Sunday, April 22, 2012

Photography's Journey From Film to Digital

In Doane's article “Indexicality and the Concept of Medium Specificity”, medium specificity was discussed in regards to photography and film. The article seemed to focus on how the medium has been changing over time as technology advances. For example, photography did not start off with using film. First, the calotype was invented, which "burned" the image onto a metal plate. As technology advanced, photography began to incorporate film. As technology advanced further, film was no longer specific to the photography medium. Film could also be used to capture moving images in cinema. As technology advanced even further still, digital media became popular and film was no longer necessary to capture photographic images or moving images. Captured images were no longer specific to film photography or moving-image cinema. As technology changes, certain aspects of certain mediums are no longer specific to that sole medium. Mediums can work together in the digital age.

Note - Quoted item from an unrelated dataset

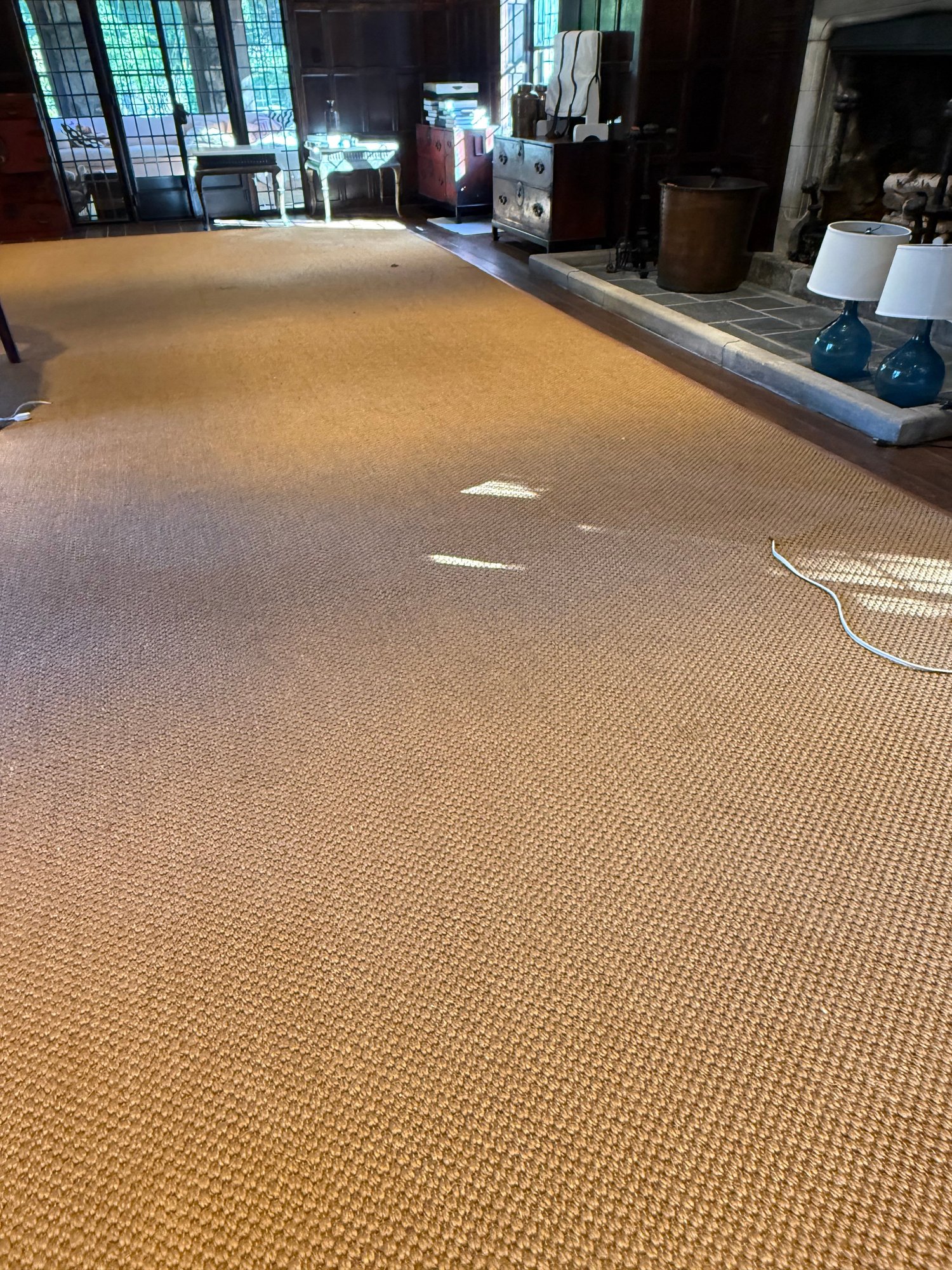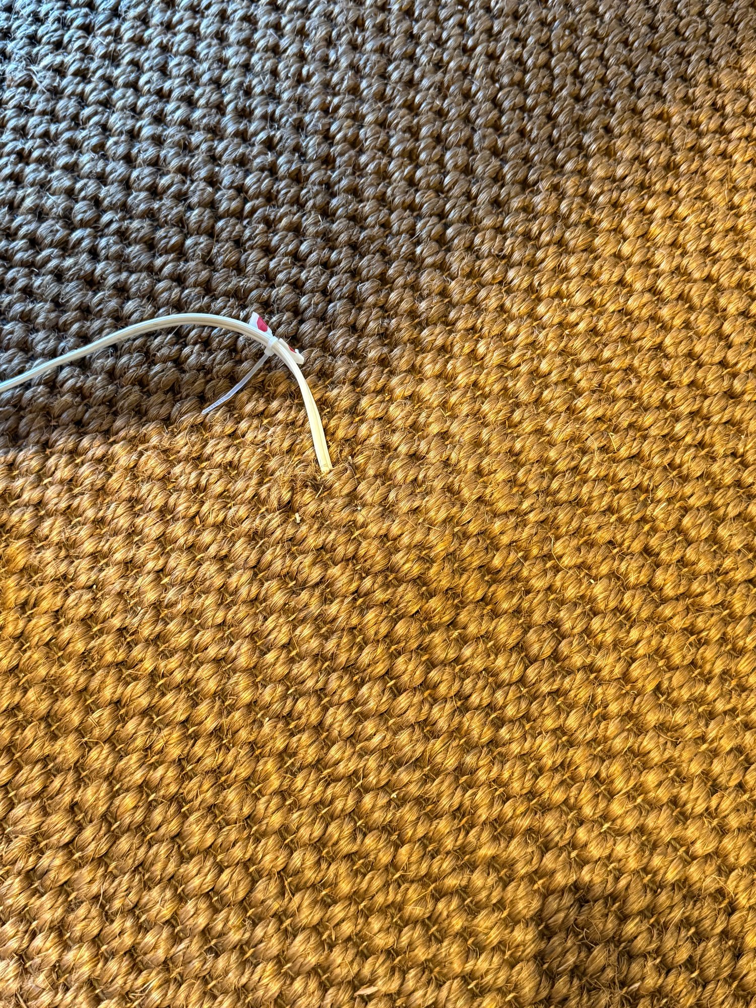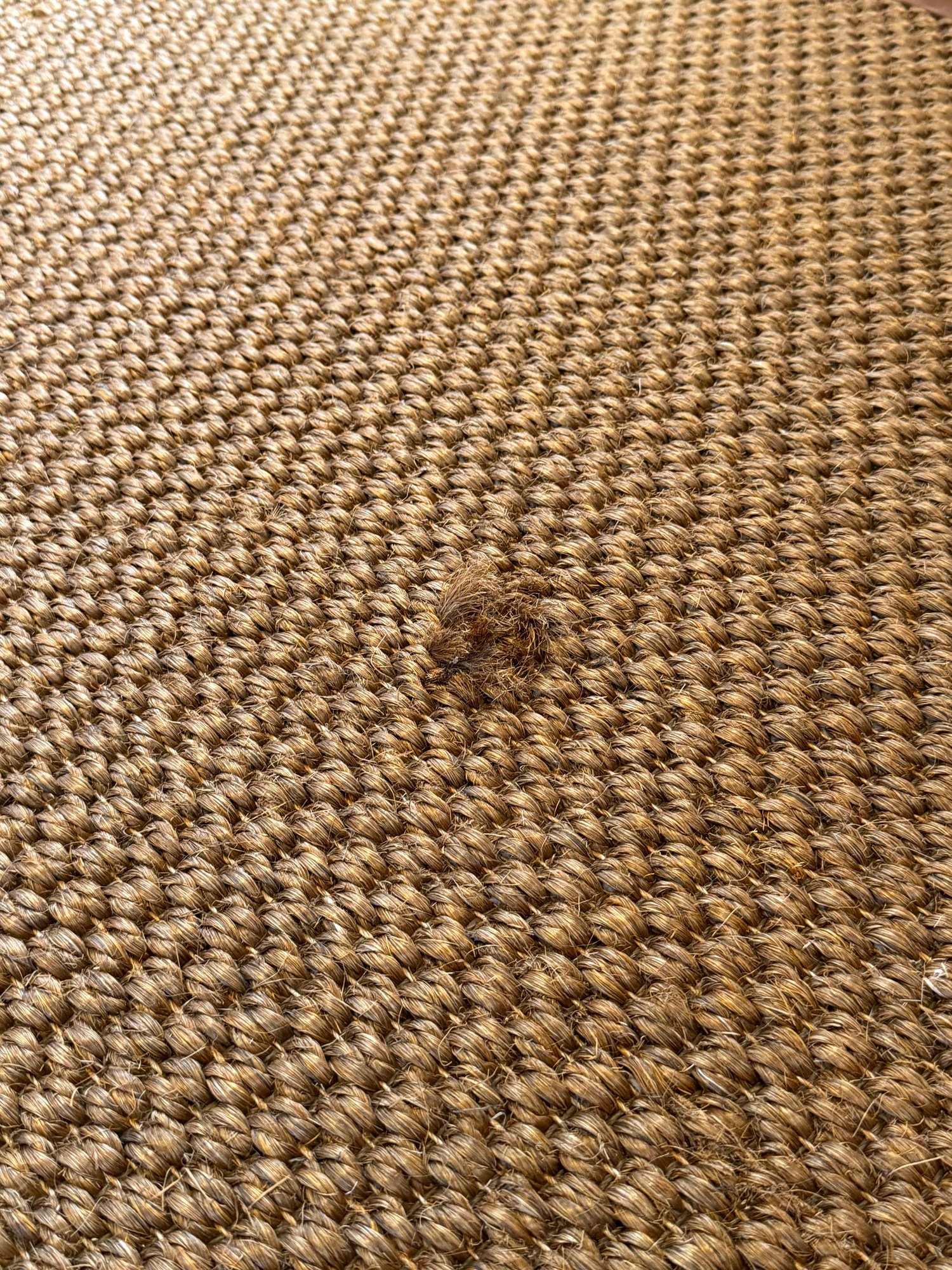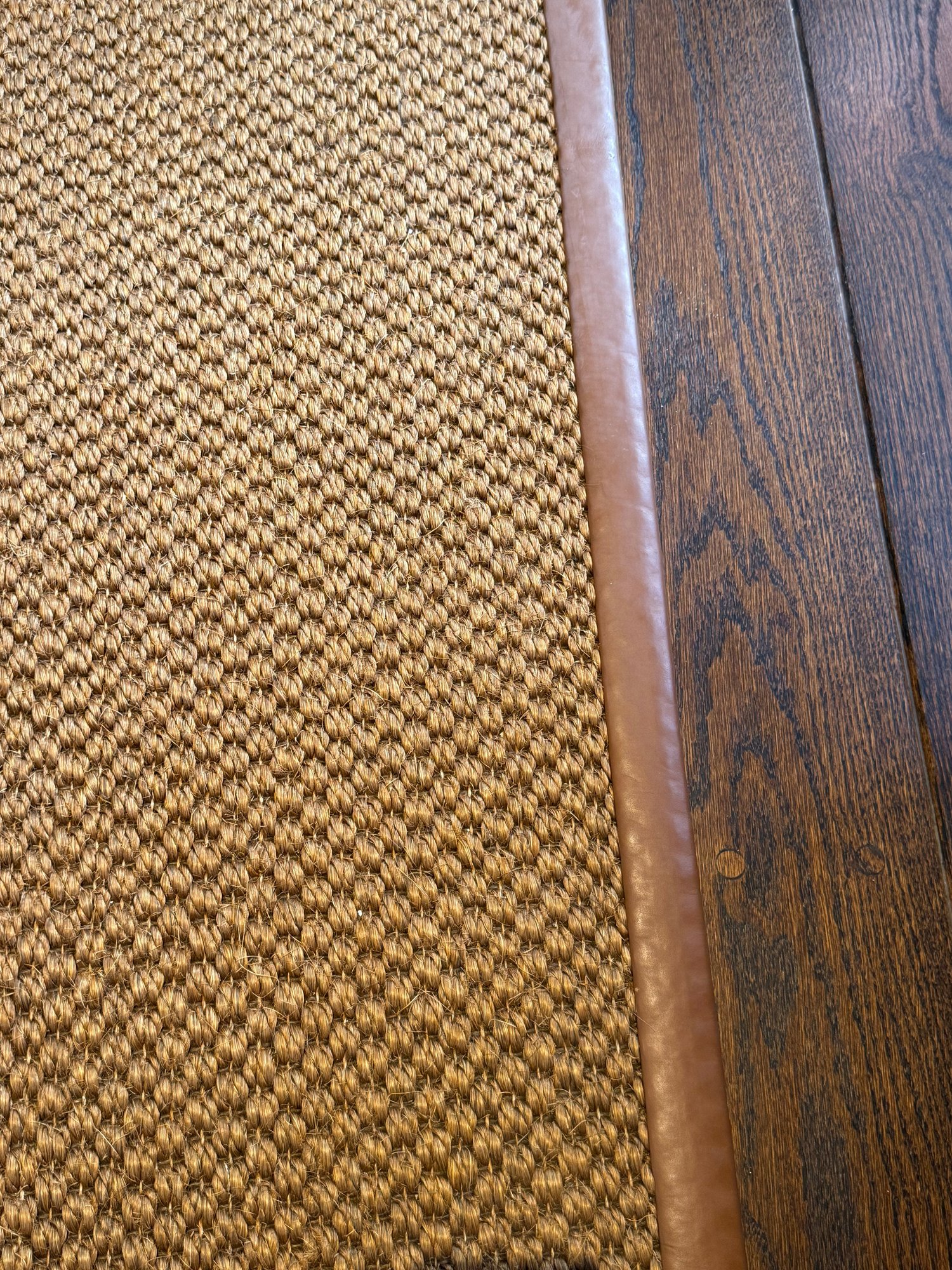 Natural fiber woven area rug with a brown leather border. One small pull.

 All throughout high school, I have been working with photography. I learned how to develop my own film in a darkroom, and I also learned how to enlarge my own prints in a darkroom. I am very fond of my knowledge of photography, and I am proud to say that I am am able to develop my own film and prints. It saddens me that the digital medium is becoming much more popular than the "old-fashioned" film medium. To me, it seems as though many digital images are fake. If a photo is not impressive when taken, it can be made impressive by editing it on the computer. To me, this seems like a form of cheating. When I take a photo with a 35mm camera and develop it myself in a darkroom, I am extremely proud when the image is beautiful because I did not need to edit it on a computer to make it beautiful. I feel as though the physical work of producing the image is quite rewarding when I develop my prints with my hands. Over the years, I have produced many gorgeous prints. During my senior year of high school, I managed to develop a set of 3 images from a fisheye camera. In my opinion, these were the best images I have created because they work together as a set to tell a story. I also find the contrast to be quite stunning because I did not edit the photos to have such a gorgeous contrast.

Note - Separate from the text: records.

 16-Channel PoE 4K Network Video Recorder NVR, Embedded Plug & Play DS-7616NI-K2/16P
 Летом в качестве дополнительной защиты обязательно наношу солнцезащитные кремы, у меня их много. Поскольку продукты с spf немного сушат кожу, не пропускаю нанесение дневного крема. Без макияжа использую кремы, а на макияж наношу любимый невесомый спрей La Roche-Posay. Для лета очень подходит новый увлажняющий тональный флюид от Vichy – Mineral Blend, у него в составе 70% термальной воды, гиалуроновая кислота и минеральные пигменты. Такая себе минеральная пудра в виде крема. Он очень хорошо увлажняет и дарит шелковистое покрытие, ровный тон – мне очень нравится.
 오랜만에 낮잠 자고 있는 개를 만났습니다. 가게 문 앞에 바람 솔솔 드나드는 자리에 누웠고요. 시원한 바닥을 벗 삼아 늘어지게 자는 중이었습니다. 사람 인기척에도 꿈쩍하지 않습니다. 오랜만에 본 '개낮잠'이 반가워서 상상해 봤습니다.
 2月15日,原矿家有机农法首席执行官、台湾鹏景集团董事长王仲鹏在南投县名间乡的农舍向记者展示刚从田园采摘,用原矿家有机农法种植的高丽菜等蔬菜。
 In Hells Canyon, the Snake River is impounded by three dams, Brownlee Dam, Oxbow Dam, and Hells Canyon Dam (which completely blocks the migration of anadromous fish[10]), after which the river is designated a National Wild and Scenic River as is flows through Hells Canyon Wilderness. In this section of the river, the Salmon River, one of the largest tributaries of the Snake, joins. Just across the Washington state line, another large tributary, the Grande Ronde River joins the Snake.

As stated in the article, technology is constantly changing and certain aspects of mediums are no longer specific to that sole medium. I developed these images myself in a darkroom, but as you can see, they are now on the internet. These images are no longer specific to print. Although I scanned these images in order to post them on the internet, I did not edit them in any way once I uploaded them. I feel as though it would have tainted the already beautiful images that I created with my hands. As stated in the article, "For within the digital realm, there is no difference between original and copy, and information outlasts its material support. As the technology changes, the information can simply be transferred, without loss, from one 'medium' to another." By scanning these images, I transferred my physical prints from the print medium to the digital. Now, I will be able to keep these photos much longer than if I simply kept the prints. Already, my prints are deteriorating because I did not leave them in the fixer as long as a should have, and so light is beginning to ruin the photos. These digital copies that I now have in my possession will outlast the prints, as the article states. I see no problem in transferring the print medium to the digital; however, I am worried that the "old-fashioned" film medium will be lost in the future. I hope that even though the digital medium is easier to access for most people, the film medium will still prevail for art's sake.